* Problem to solve:
A picture-free, exact copy of all the records below is the goal.

+ + + + +

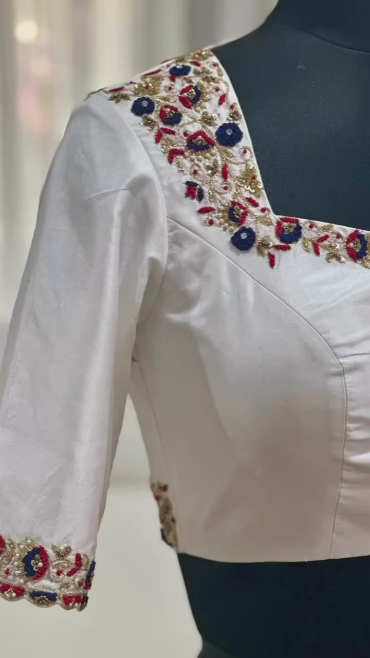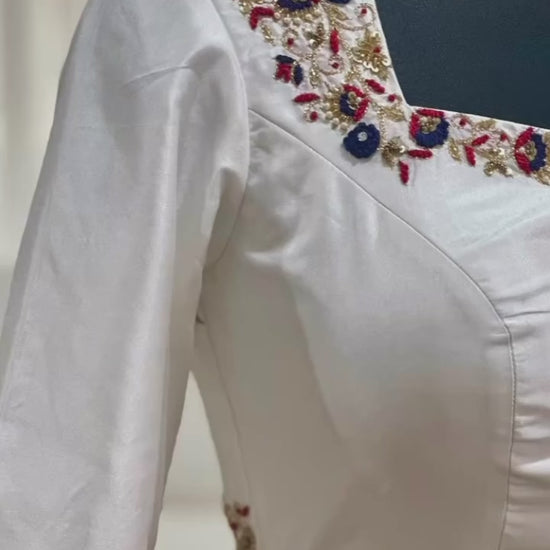 The White Prism Blouse is Vinyasa India’s celebration of timeless elegance with a modern twist. Crafted in pure silk, this blouse features intricate hand embroidery in vibrant tones of navy, red, and gold, forming a striking prism-like play of colours against a pristine white canvas.
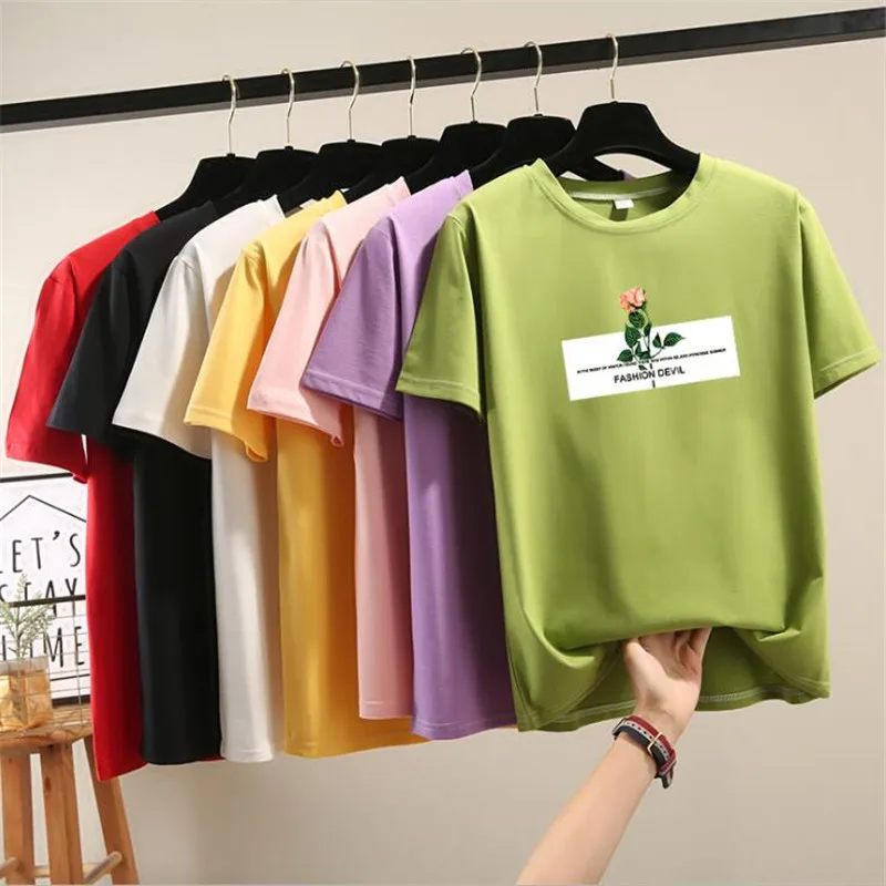 Большие размеры, женские летние футболки Новинка 2019 года, футболка с круглым вырезом и короткими рукавами с милым рисунком для девочек, студ...
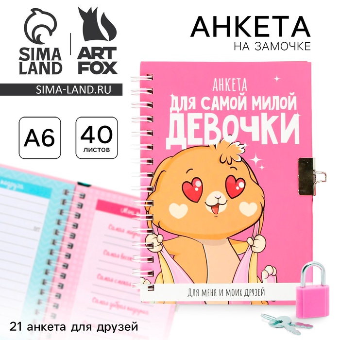 Анкета на замочке, в твердой обложке А6, 40 листов «Для самой милой девочки» — Характеристики
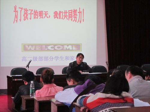 今天下午三点,高二级部在多媒体教室召开部份家长会议。与会的人员是在第二次月考中仍有五科及以上科目不及格的学生家长及学生本人,相应班主任,教务科文科长等。
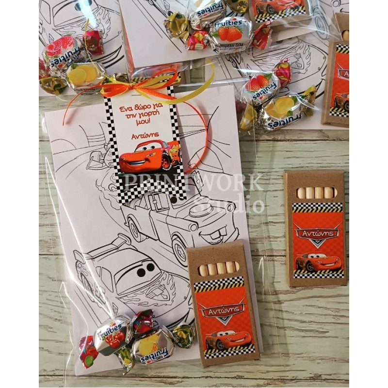 σετ ξυλομπογιές ή κηρομπογιές με αυτοκόλλητο και 2 καραμέλες ζελεδάκια μέσα σε σακουλάκι και κορδελάκι.
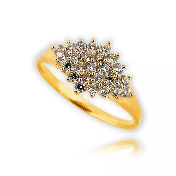 Stylowy pierścionek będący doskonałym wyborem dla osób ceniących jakość i estetykę. Subtelny połysk kamieni pięknie współgra z kolorem złota.
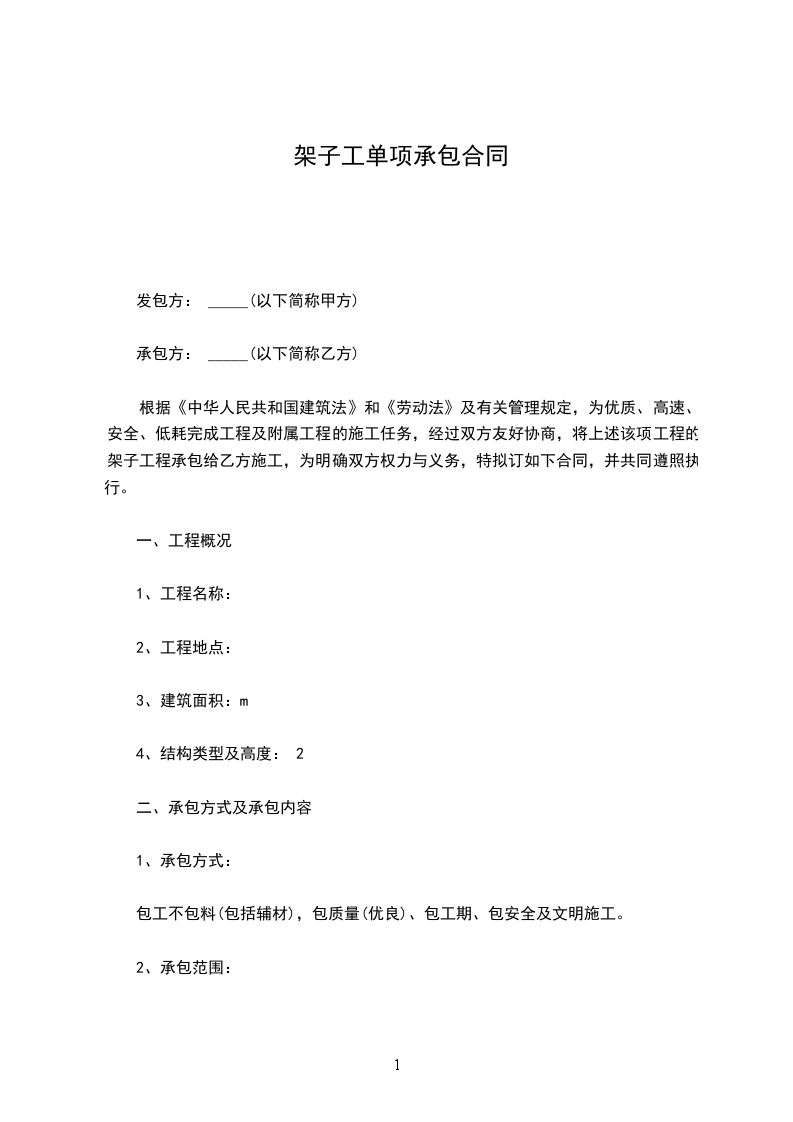 根据《中华人民共和国建筑法》和《劳动法》及有关管理规定,为优质、高速、安全、低耗完成工程及附属工程的施工任务,经过双方友好协商,将上述该项工程的架子工程承包给乙方施工,为明确双方权力与义务,特拟订如下合同,并共同遵照执行。
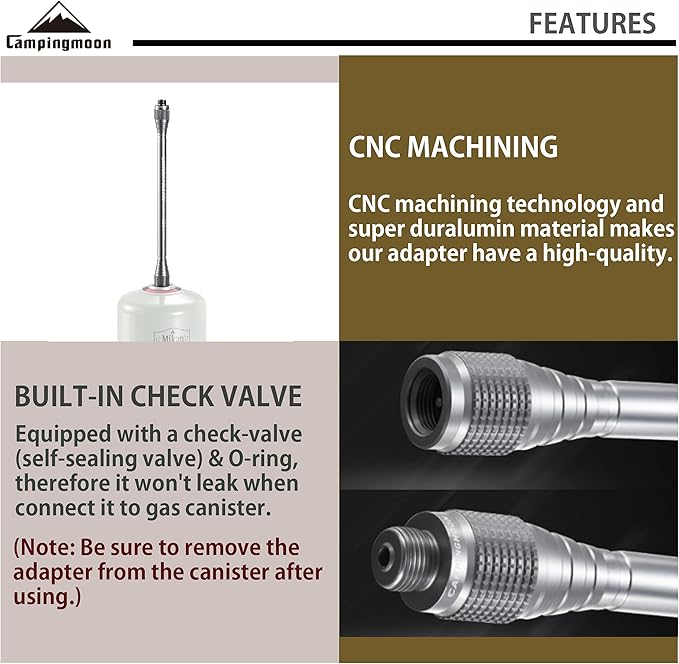 • BUILT-IN CHECK VALVE:Equipped with check-valve (self-sealing valve), therefore it won't leak when connect it to gas canister.(Note: Please remove the adapter from the canister after using.)
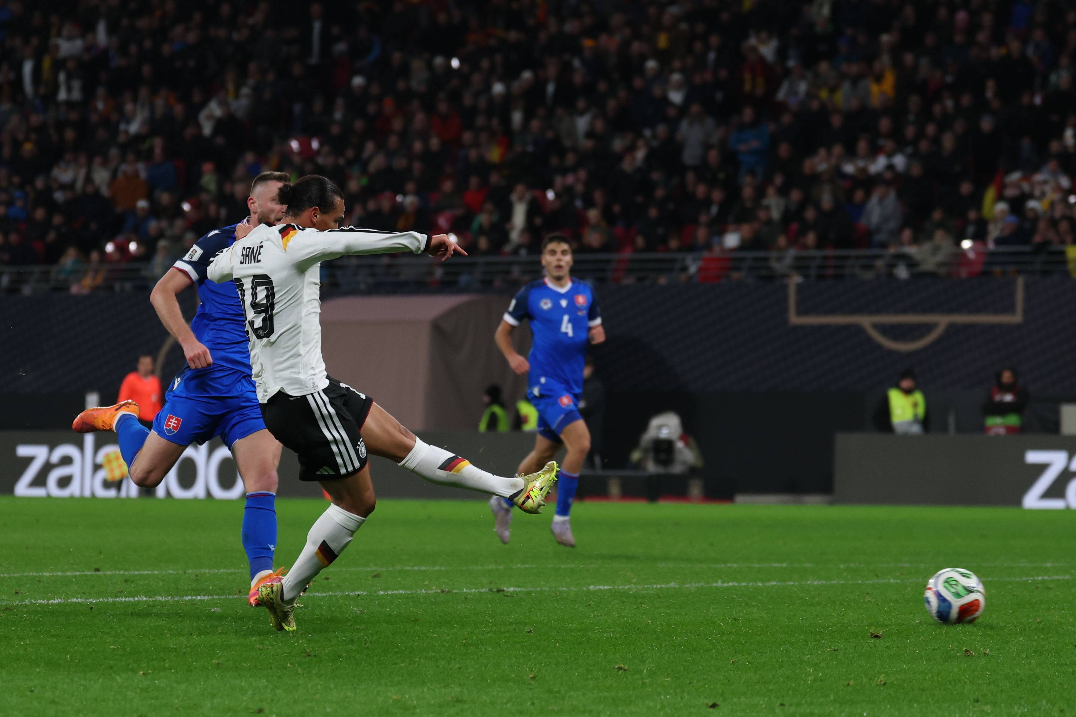 เมื่อวันที่ 17 พฤศจิกายน, เลรอย ซาเน่ ของเยอรมนี ฉลองการทำประตูที่สามของทีม. ซีนา/อีพีเอ
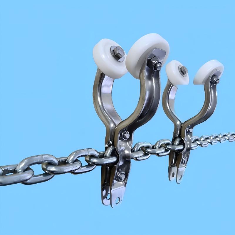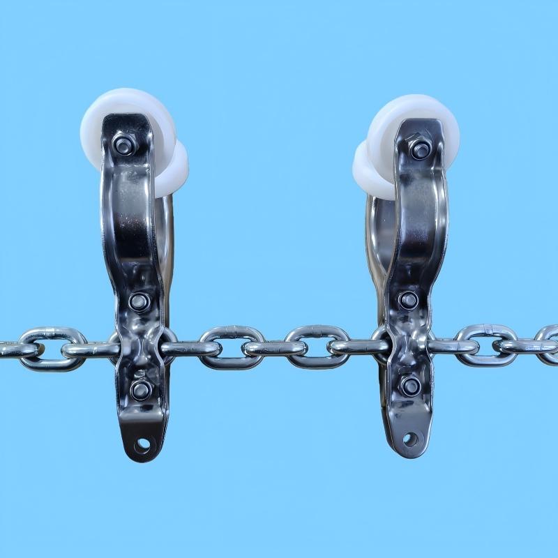 A core metal moving component designed for heavy-load, high-intensity poultry slaughter conveyor lines. This product is a metal pipe-rail conveyance carriage (also known as a heavy-duty trolley), manufactured from metal materials. It operates on round or square pipe rails, linked in series by galvanized drive chains, providing a robust and reliable carrier solution for high-capacity, continuous-production slaughter lines.
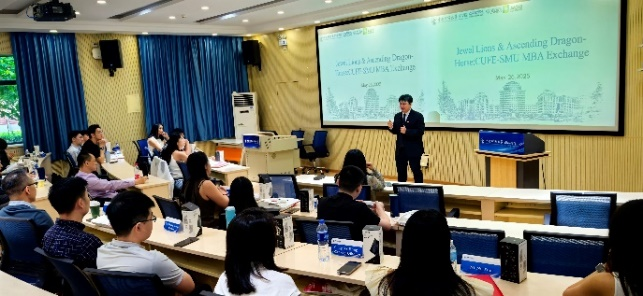 2025年5月26日-5月30日,新加坡管理大学(SMU)李光前德赢vwin官方入口MBA学生团队,在研究生办公室主任Yeo LayYan老师的带领下,来自11个国家的29名新加坡管理大学MBA在校学生,跨越重洋抵达德赢AC米兰官网,开启了为期一周的主题“数字经济及战略与创新”为核心议题的跨国学术交流活动。
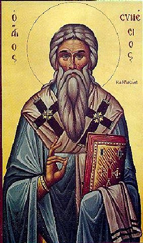 Τῇ ὑπερμάχῳ καὶ θερμῇ ἀντιλήψει σου, προσφεύγομεν οἱ πιστοὶ πάτερ Συνέσιε, τοῦ λυτρωθῆναι διά σοῦ τῶν θλίψεων καὶ κινδύνων, ἀλλ᾿ ὡς ἔχων παῤῥησίαν πρὸς τὸν Κύριον, ἐκ παντοίων ἡμᾶς σῷζε περιστάσεων, ἵνα κράζωμεν, χαίροις πάτερ Συνέσιε.
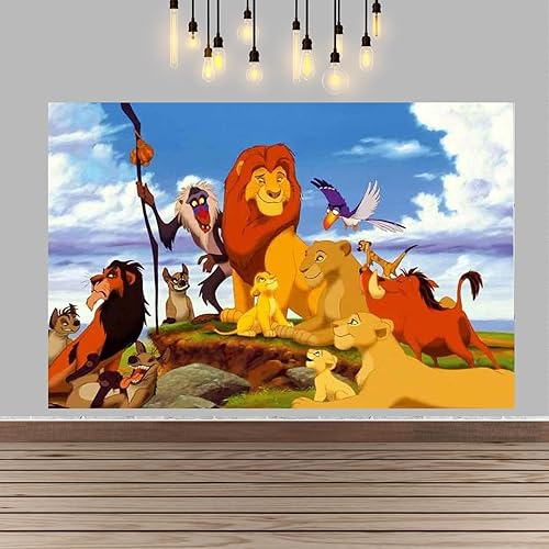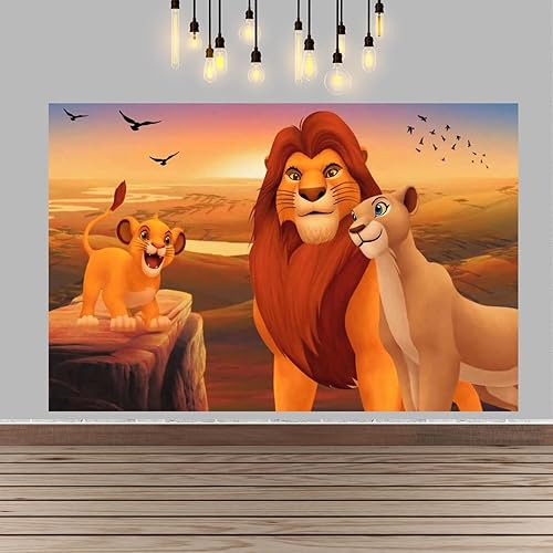 Toile de fond en tissu de dessin animé Roi Lion pour décoration de fête
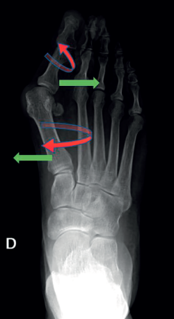 Consiste en una alteración de la articulación metatarsofalángica (MTF) del primer radio del pie. Es una deformidad compleja que incluye, por un lado, la desviación del primer dedo del pie (hallux o dedo gordo) hacia el resto del pie, alejándolo de la línea media del cuerpo (abducto), con una rotación en el plano frontal (pronación del primer dedo). Por otro lado, también incluye la desviación del primer metatarsiano (M1), aproximándolo a la línea media del cuerpo (varo de M1), con una pequeña rotación externa, como se puede ver en la Figura 1. Esta modificación de la articulación afecta a todas las estructuras anatómicas próximas, como la cápsula articular, los ligamentos colaterales, los huesos sesamoideos, la musculatura intrínseca y la extrínseca)(2).
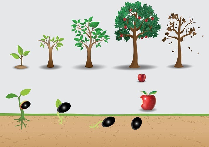 The tree, too, was not always a tree. It was first a seed—tiny, forgotten in the soil—then a fragile shoot a gust of wind could easily have snapped. And only through seasons, through slow growth, through adapting to the wind and rain, does it become what we later call an oak or a fig tree.
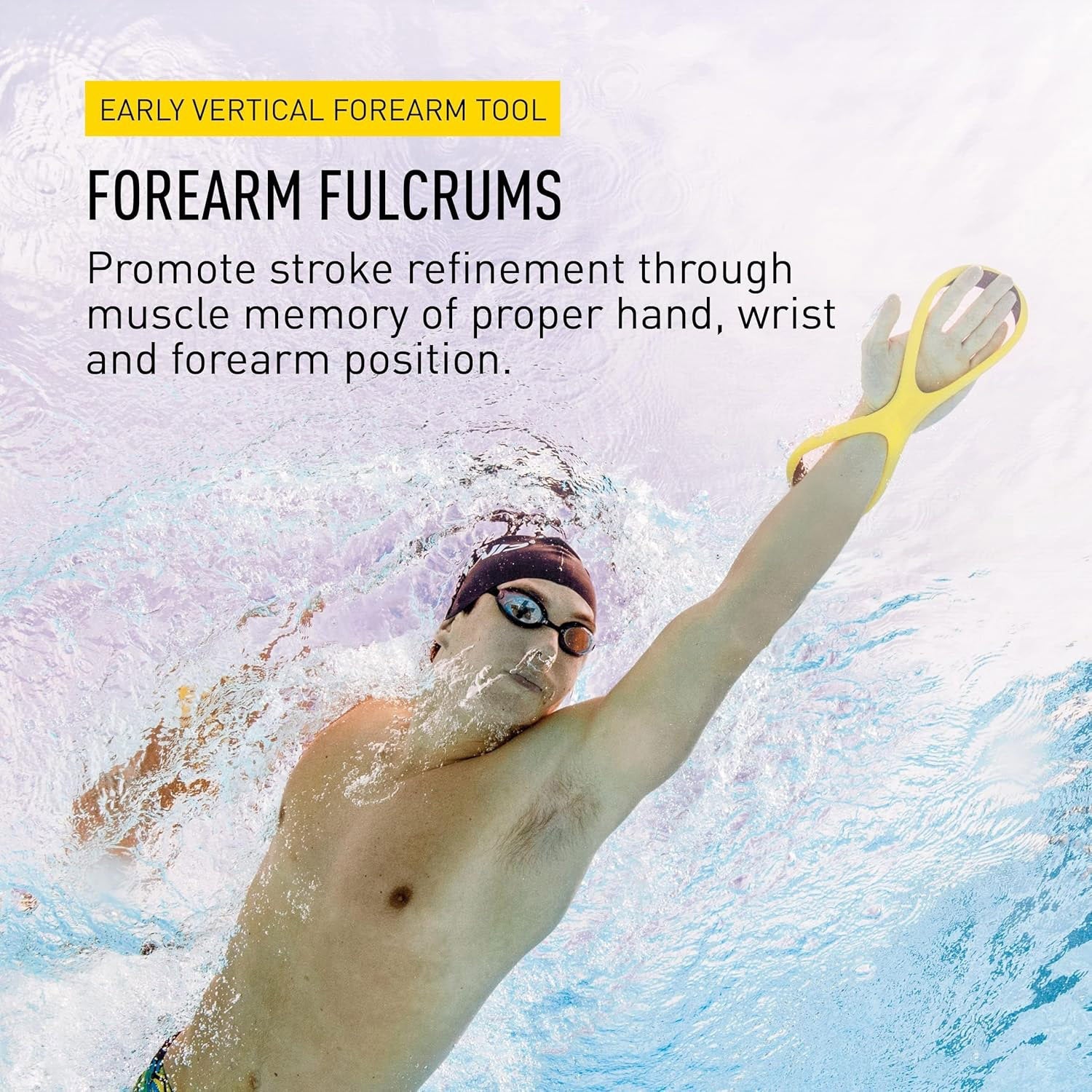 The forearm paddle helps form an early vertical forearm (EVF) position, improving stroke efficiency by engaging the entire forearm, from fingertips to elbow, during swimming.
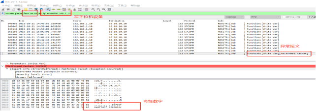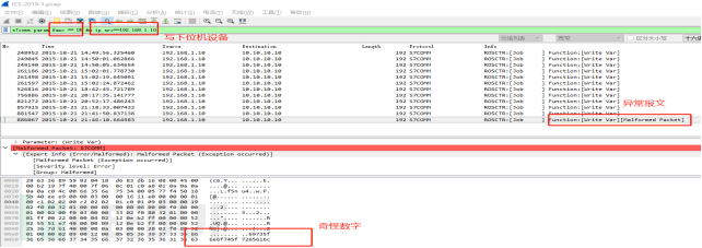 1)首先利用wireshark打开数据包,初步流量数据报文,发现工控流量只有s7common,利用过滤条件过滤出工控流量如下图所示

+ + + + +

* Result below:
 The White Prism Blouse is Vinyasa India’s celebration of timeless elegance with a modern twist. Crafted in pure silk, this blouse features intricate hand embroidery in vibrant tones of navy, red, and gold, forming a striking prism-like play of colours against a pristine white canvas.
 Большие размеры, женские летние футболки Новинка 2019 года, футболка с круглым вырезом и короткими рукавами с милым рисунком для девочек, студ...
 Анкета на замочке, в твердой обложке А6, 40 листов «Для самой милой девочки» — Характеристики
 今天下午三点,高二级部在多媒体教室召开部份家长会议。与会的人员是在第二次月考中仍有五科及以上科目不及格的学生家长及学生本人,相应班主任,教务科文科长等。
 σετ ξυλομπογιές ή κηρομπογιές με αυτοκόλλητο και 2 καραμέλες ζελεδάκια μέσα σε σακουλάκι και κορδελάκι.
 Stylowy pierścionek będący doskonałym wyborem dla osób ceniących jakość i estetykę. Subtelny połysk kamieni pięknie współgra z kolorem złota.
 根据《中华人民共和国建筑法》和《劳动法》及有关管理规定,为优质、高速、安全、低耗完成工程及附属工程的施工任务,经过双方友好协商,将上述该项工程的架子工程承包给乙方施工,为明确双方权力与义务,特拟订如下合同,并共同遵照执行。
 • BUILT-IN CHECK VALVE:Equipped with check-valve (self-sealing valve), therefore it won't leak when connect it to gas canister.(Note: Please remove the adapter from the canister after using.)
 เมื่อวันที่ 17 พฤศจิกายน, เลรอย ซาเน่ ของเยอรมนี ฉลองการทำประตูที่สามของทีม. ซีนา/อีพีเอ
 A core metal moving component designed for heavy-load, high-intensity poultry slaughter conveyor lines. This product is a metal pipe-rail conveyance carriage (also known as a heavy-duty trolley), manufactured from metal materials. It operates on round or square pipe rails, linked in series by galvanized drive chains, providing a robust and reliable carrier solution for high-capacity, continuous-production slaughter lines.
 2025年5月26日-5月30日,新加坡管理大学(SMU)李光前德赢vwin官方入口MBA学生团队,在研究生办公室主任Yeo LayYan老师的带领下,来自11个国家的29名新加坡管理大学MBA在校学生,跨越重洋抵达德赢AC米兰官网,开启了为期一周的主题“数字经济及战略与创新”为核心议题的跨国学术交流活动。
 Τῇ ὑπερμάχῳ καὶ θερμῇ ἀντιλήψει σου, προσφεύγομεν οἱ πιστοὶ πάτερ Συνέσιε, τοῦ λυτρωθῆναι διά σοῦ τῶν θλίψεων καὶ κινδύνων, ἀλλ᾿ ὡς ἔχων παῤῥησίαν πρὸς τὸν Κύριον, ἐκ παντοίων ἡμᾶς σῷζε περιστάσεων, ἵνα κράζωμεν, χαίροις πάτερ Συνέσιε.
 Toile de fond en tissu de dessin animé Roi Lion pour décoration de fête
 Consiste en una alteración de la articulación metatarsofalángica (MTF) del primer radio del pie. Es una deformidad compleja que incluye, por un lado, la desviación del primer dedo del pie (hallux o dedo gordo) hacia el resto del pie, alejándolo de la línea media del cuerpo (abducto), con una rotación en el plano frontal (pronación del primer dedo). Por otro lado, también incluye la desviación del primer metatarsiano (M1), aproximándolo a la línea media del cuerpo (varo de M1), con una pequeña rotación externa, como se puede ver en la Figura 1. Esta modificación de la articulación afecta a todas las estructuras anatómicas próximas, como la cápsula articular, los ligamentos colaterales, los huesos sesamoideos, la musculatura intrínseca y la extrínseca)(2).
 The tree, too, was not always a tree. It was first a seed—tiny, forgotten in the soil—then a fragile shoot a gust of wind could easily have snapped. And only through seasons, through slow growth, through adapting to the wind and rain, does it become what we later call an oak or a fig tree.
 The forearm paddle helps form an early vertical forearm (EVF) position, improving stroke efficiency by engaging the entire forearm, from fingertips to elbow, during swimming.
 1)首先利用wireshark打开数据包,初步流量数据报文,发现工控流量只有s7common,利用过滤条件过滤出工控流量如下图所示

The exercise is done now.